In conclusion, the present study has theoretically discovered very diverse and interesting post-destruction responses of species diversity and community structure, which can match and explain a variety of empirical observations (Table 1). We have shown that there are area- and distribution-dependent transitions between extinction debts and immigration credits. Endemic species increase in the local community after habitat loss in many situations (Fig. 2C,D and Supplementary Fig. S1C,D). The fraction of unique species may increase, decrease, or remain unchanged depending on multiple factors, including the SAD model used, the area size of the local community, habitat destruction, and species distribution pattern (Figs 2G,H and 3G,H and Supplementary Fig. S1G,H). There is no change in the fraction of unique species number in extremely aggregate distribution situation (k → 0), regardless of regional SAD models used (Supplementary Fig. S1G,H).

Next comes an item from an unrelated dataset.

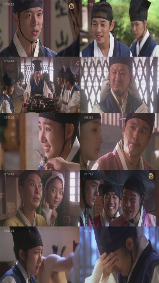 [스포츠투데이 박건욱 기자]KBS2 월화드라마 '성균관스캔들'에 출연 중인 주연들과 조연들이 환상적인 연기 앙상블을 선보이며 시청자들의 눈길을 사로잡았다. 7일 오후 방송한 '성균관스캔들'에서는 괴짜 스승 정약용(안내상 분)이 등장하는 장면과 그동안 티격태격하던 이선준(박유천 분)과 김윤희(박민영 분)이 극적으로 화해(?)하는 장면이 방송됐다. 선준과 윤희는 성균관에서의 첫 수업에서 정약용과 첫 대면에 나선다. 정약용은 수업도중 마술을 선보이는 등 그동안의 천편일률적인 가르침 방식에서 탈피, 유생들의 호기심을 자극한다. 평소 사이가 좋지 않던 선준과 윤희는 술자리에서 화해를 하며 훈훈함을 더한다. 윤희는 선준에게 "학업에 재미를 느낄 수 있었던 것은 모두 당신 덕분"이라며 감사의 마음을 표한다. 하지만 그 분위기도 잠시, 술에 취한 선준을 뒤치닥거리해야 하는 윤희의 고난아닌 고난이 시작된다. 결국 윤희와 선준은 통금시간에 늦을 위기에 처하지만 구용하(송중기 분)의 도움으로 그 위기를 모면한다. 특히 이날 방송에서는 박유천, 박민영 등 주연 배우들은 물론, 안내상, 김광규, 성현주 등 조연배우들의 능청스런 연기가 빛을 발했다. 박민영은 남장여자로서 겪어야 하는 해프닝을 자신만의 연기력으로 120%소화해냈다. 특히 선준의 알몸을 본 후 어쩔 줄 몰라 하는 윤희의 캐릭터를 코믹하게 그려내며 시청자들의 호평을 받았다. 박사 정약용 역을 맡은 안내상은 서학과 잡기에 탐닉하는 괴짜지만 날선 통찰력과 겸손한 자세를 겸비한 시대의 스승인 정약용 캐릭터를 완벽하게 연기해냈다. 뿐만 아니라 세책방의 주인 황가 역을 맡은 김광규와 효은의 시종 버들이 역을 맡은 성현주 역시 특유의 코믹스러운 표정연기로 시청자들에게 큰 웃음을 선사했다. 이같은 주연배우들과 조연배우들의 환상적인 연기 조화가 '성균관스캔들' 상승세의 바탕이 되고 있다는 평이다. 스포츠투데이 박건욱 기자 kun1112@<ⓒ아시아경제 & 재밌는 뉴스, 즐거운 하루 "스포츠투데이(stoo.com)">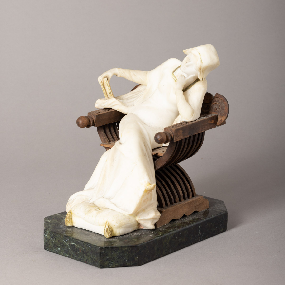Escultura em alabastro, cadeira em madeira, base em mármore. Sinais de uso, pequenas falhas, pé colado.

For future implications, the succeeding steps are to further verify these diverse theoretical patterns predicted by the proposed framework at local-scale field experiments. Moreover, because there have been some empirical studies reporting the evidence of extinction debts6, 31, data collected from previous studies (if available) might be re-used to examine the possible alteration of community structure and change in the fraction of unique species after habitat loss. In addition, there are many other intriguing areas open for future research. For example, if observational data from the fields are available, it will be interesting to verify whether the fitted SAD models before and after habitat loss would have the same parametric form. It is also interesting to experimentally test the alteration in species distribution after habitat loss and its influence on the local community structure.